» **Your assignment**
Under this line are the records; repeat exactly the lines starting at the one containing "מעיל רוח בצבע" and ending at the one containing "La maison se", omitting pictures.

Records from a data collection
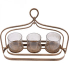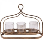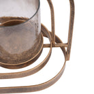 Aged champagne finish hurricane on iron featuring hammered glass which creates a beautiful effect. Part of the Loop candlelight collection.
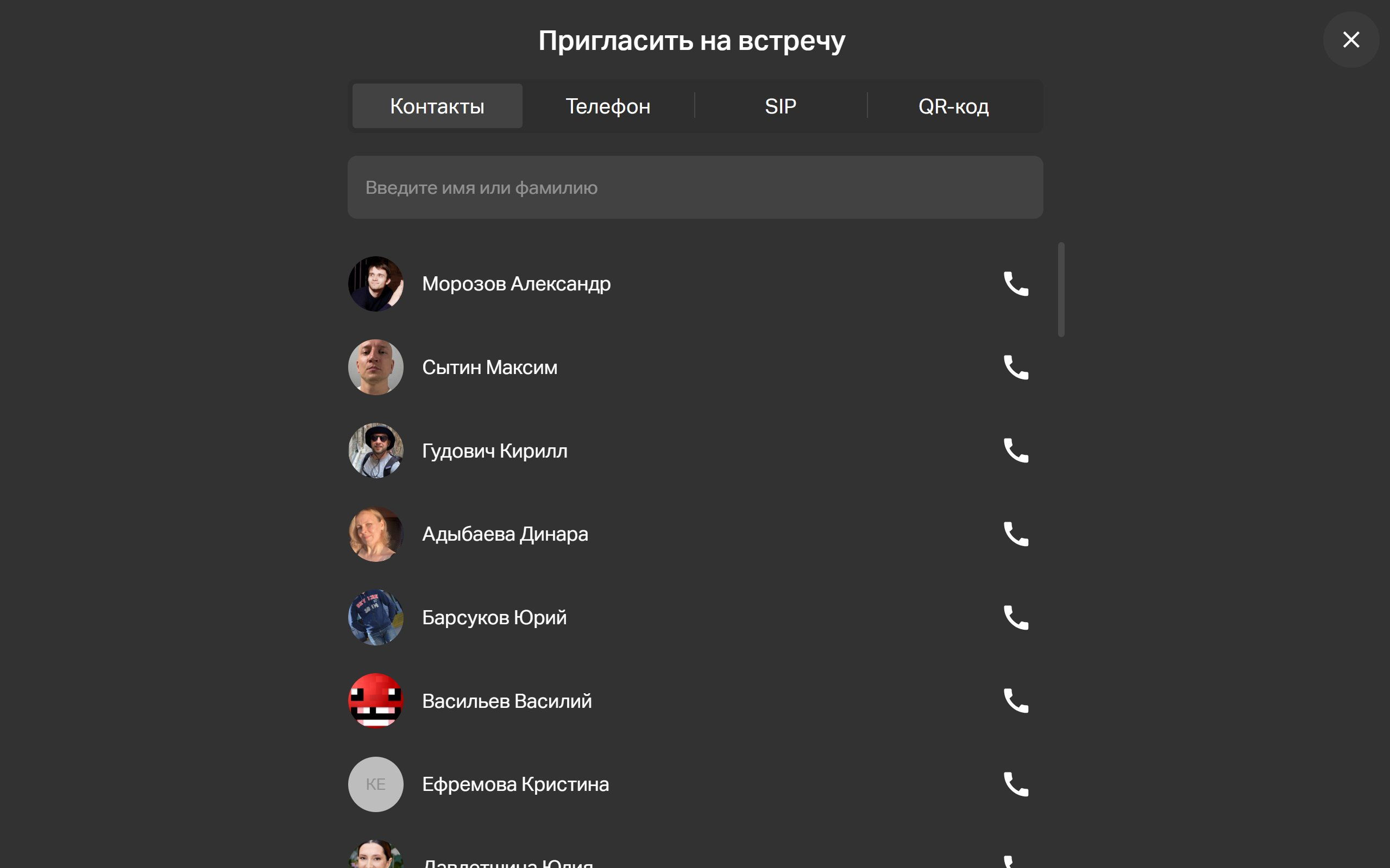 Во вкладке "Телефон" вы можете позвонить на внутренний или внешний номер ваших коллег, если подключена телефония на платформе МТС Линк.
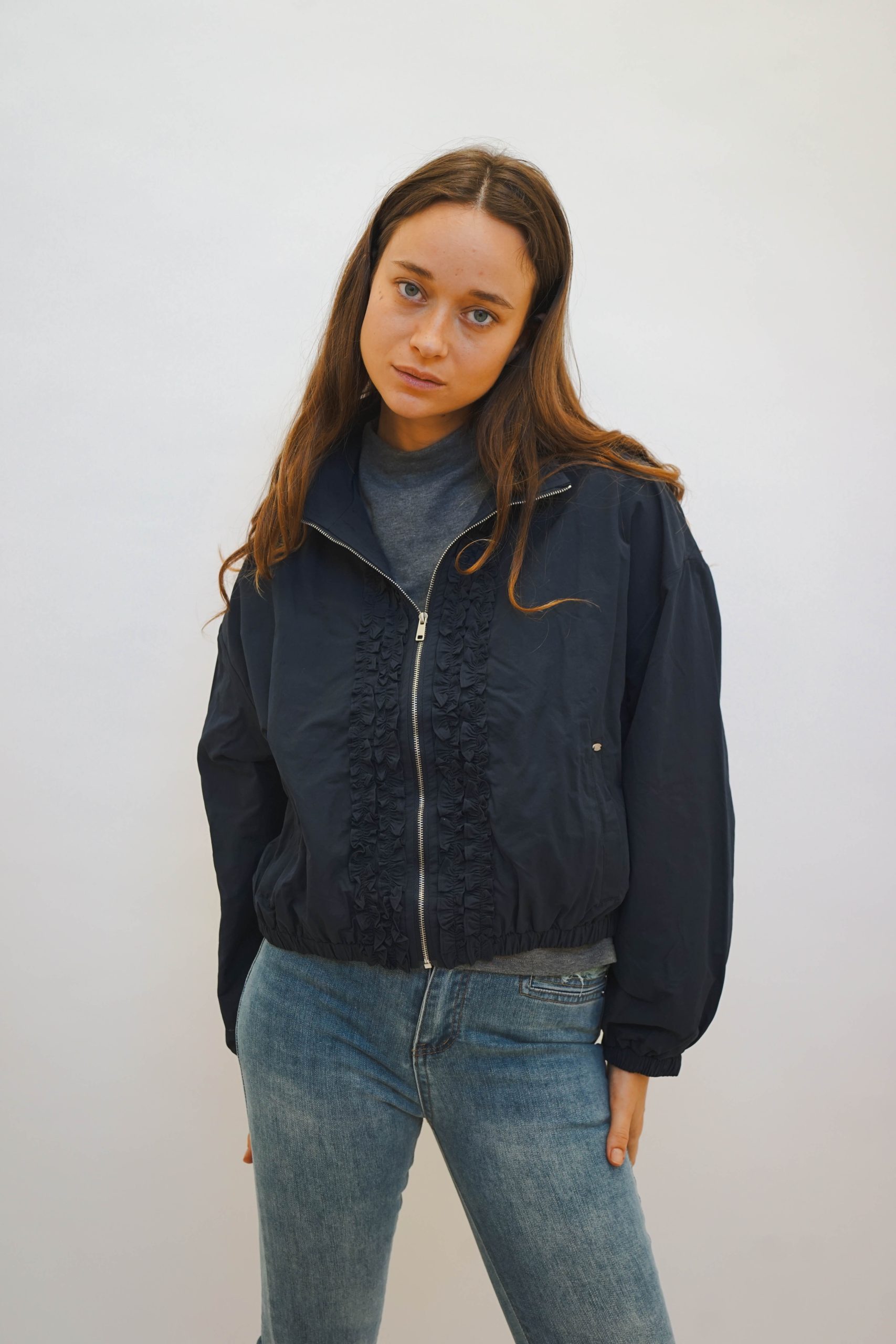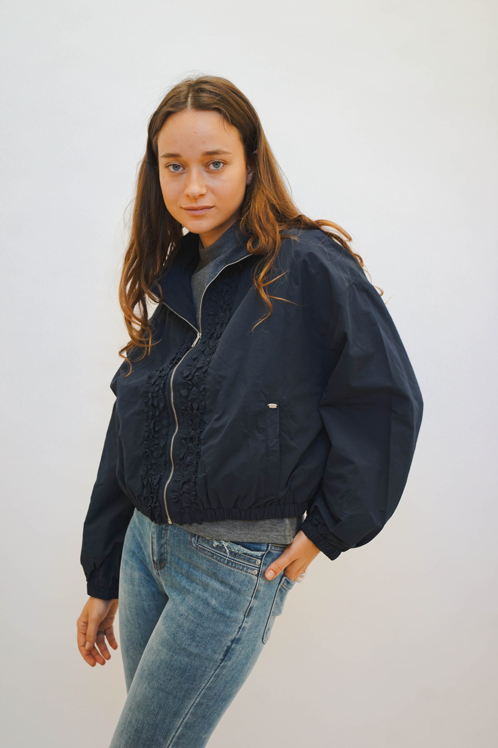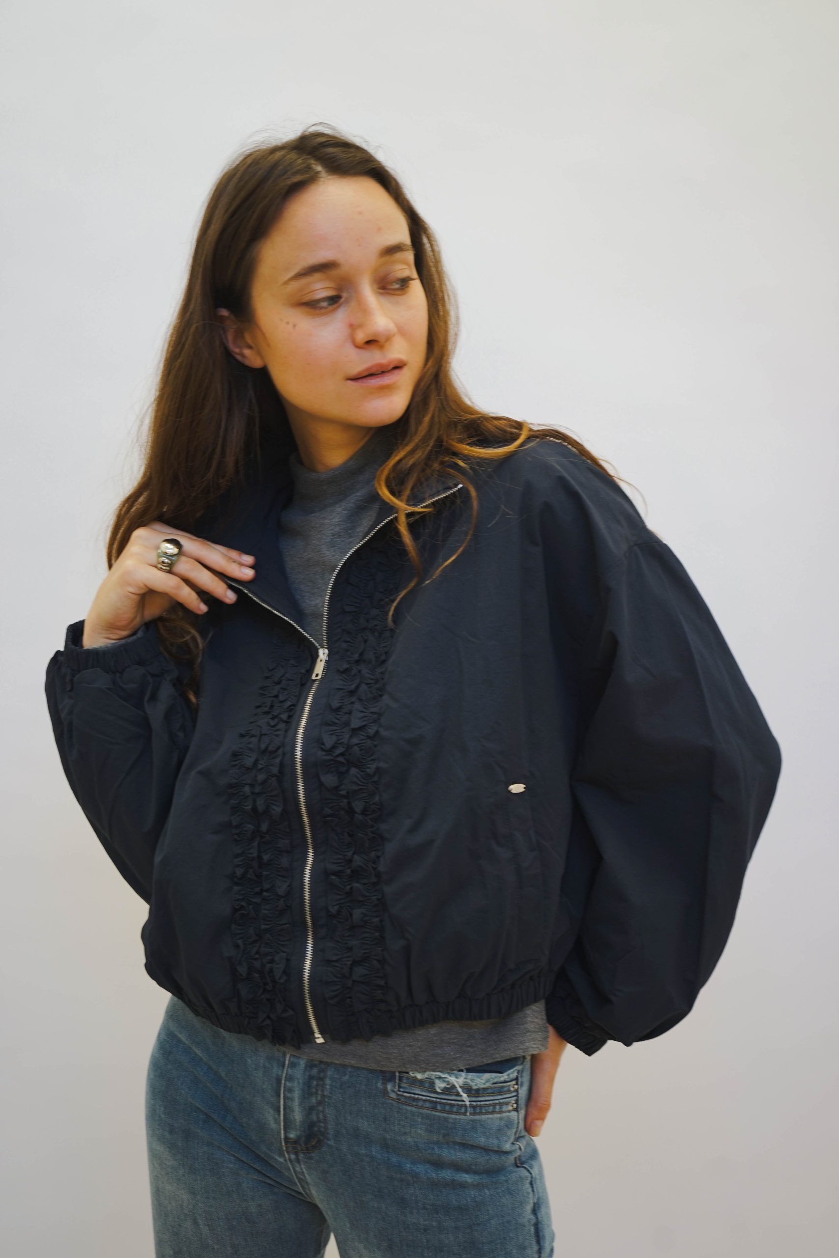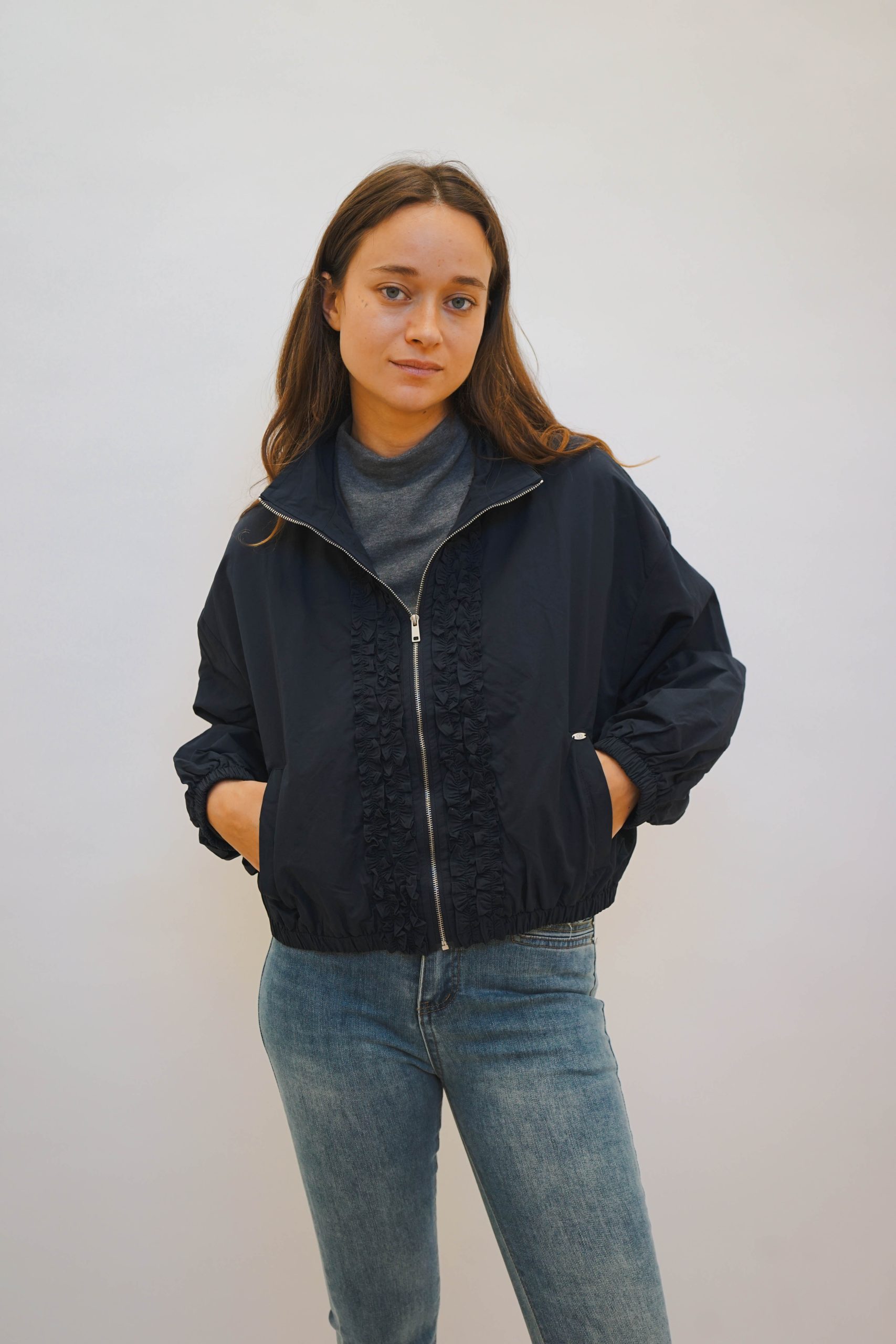 מעיל רוח בצבע אפור כהה עם רוכסן לכל אורכו ורקמת מלמלות בשני הצדדים, גזרה רחבה מהגוף ,ומגיע לקו המכנס. ניתן ללכת סגור/פתוח עם חולצת כפתורים ,טישרט קצר/ארוך או סריג דק ,מתאים לכל גווני הצבעים, עם ג'ינס, מכנס מחויט או חצאית למראה קליל או לערב.
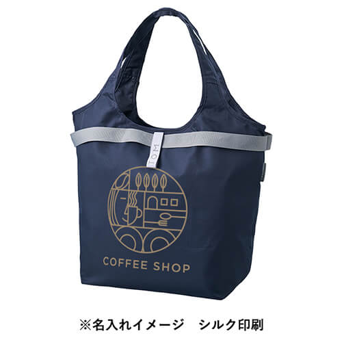 内側には保冷剤用メッシュポケットが付いていて、夏場や生鮮食品の持ち歩きにも安心なクーラーバッグとして活躍します。使い終わった後はゴムでくるりとコンパクトに折りたたみが可能で、カバンの中でもかさばりません。
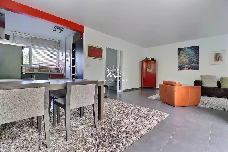 La maison se compose d'une entrée indépendante donnant accès au garage avec un espace buanderie, à un WC et à une belle pièce de vie avec sa cuisine ouverte et équipée.
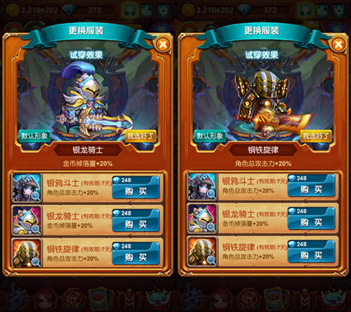 当然如果大家对闯关带来的造型不满意的话,也可以通过游戏中的时装系统,来购买并穿着自己喜欢的时装!这些时装可谓是盛气凌人,有炫酷的圣斗士,霸气的钢铁侠,甚至高贵的银龙骑士时装!分分钟助大家变身高富帅,最关键的是这些时装还都附带属性,20%金币掉落与20%攻击力增加等属性可以在闯关之旅上为大家提供非常大的帮助!
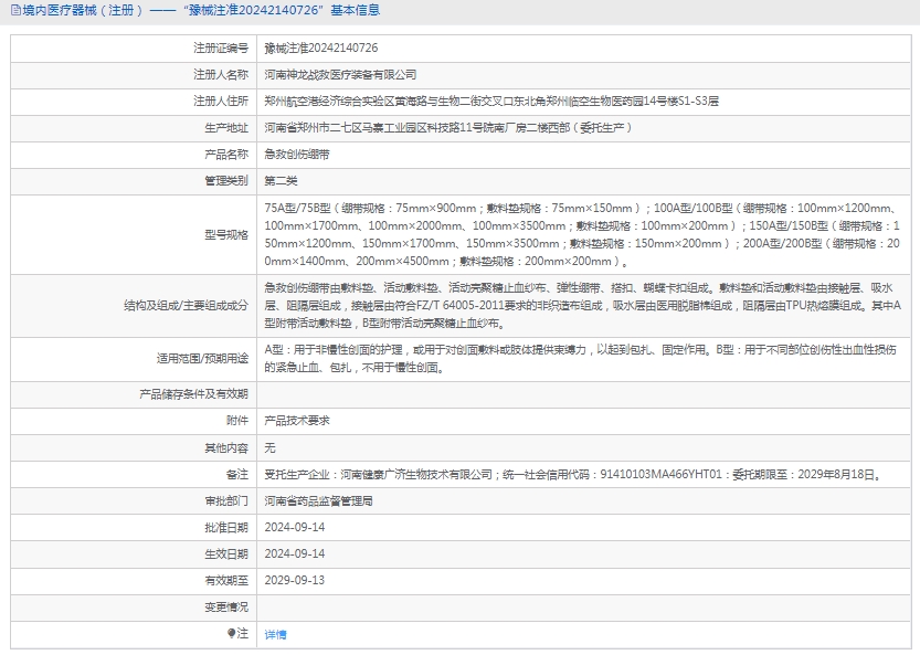 批准文号:豫械注准20242140726
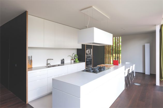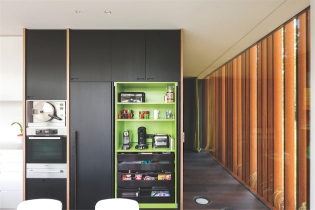 Virtuvės zona išsiskiria baltos spalvos švara ir lakoniškais baldais. Stalviršiais iš dirbtinio akmens „Corian“ bei kvarco „Silestone“ – ne tik estetiškas sprendimas, toks darbastalis atsparus karščiui, tvirtas bei ilgaamžis, ypač patogus naudoti. Netoli valgomojo stalo suprojektuotas juodai laminuotos faneros virtuvės spintų blokas tęsia tamsios spalvos motyvą, tačiau jų vidus – ryškiai žalios spalvos, atidarius dureles, gerai matyti viduje esantys daiktai. Spintų durys sukonstruotos neįprastai – atvertos jos integruojasi į vidinę spintos dalį, todėl netrukdo laisvai judėti valgomajame bei virtuvėje. Minimalistinio dizaino modernus gartraukis virš viryklės labiau primena spintelę, tarsi pranyksta erdvėje.

» **Solution to the exercise**
 מעיל רוח בצבע אפור כהה עם רוכסן לכל אורכו ורקמת מלמלות בשני הצדדים, גזרה רחבה מהגוף ,ומגיע לקו המכנס. ניתן ללכת סגור/פתוח עם חולצת כפתורים ,טישרט קצר/ארוך או סריג דק ,מתאים לכל גווני הצבעים, עם ג'ינס, מכנס מחויט או חצאית למראה קליל או לערב.
 内側には保冷剤用メッシュポケットが付いていて、夏場や生鮮食品の持ち歩きにも安心なクーラーバッグとして活躍します。使い終わった後はゴムでくるりとコンパクトに折りたたみが可能で、カバンの中でもかさばりません。
 La maison se compose d'une entrée indépendante donnant accès au garage avec un espace buanderie, à un WC et à une belle pièce de vie avec sa cuisine ouverte et équipée.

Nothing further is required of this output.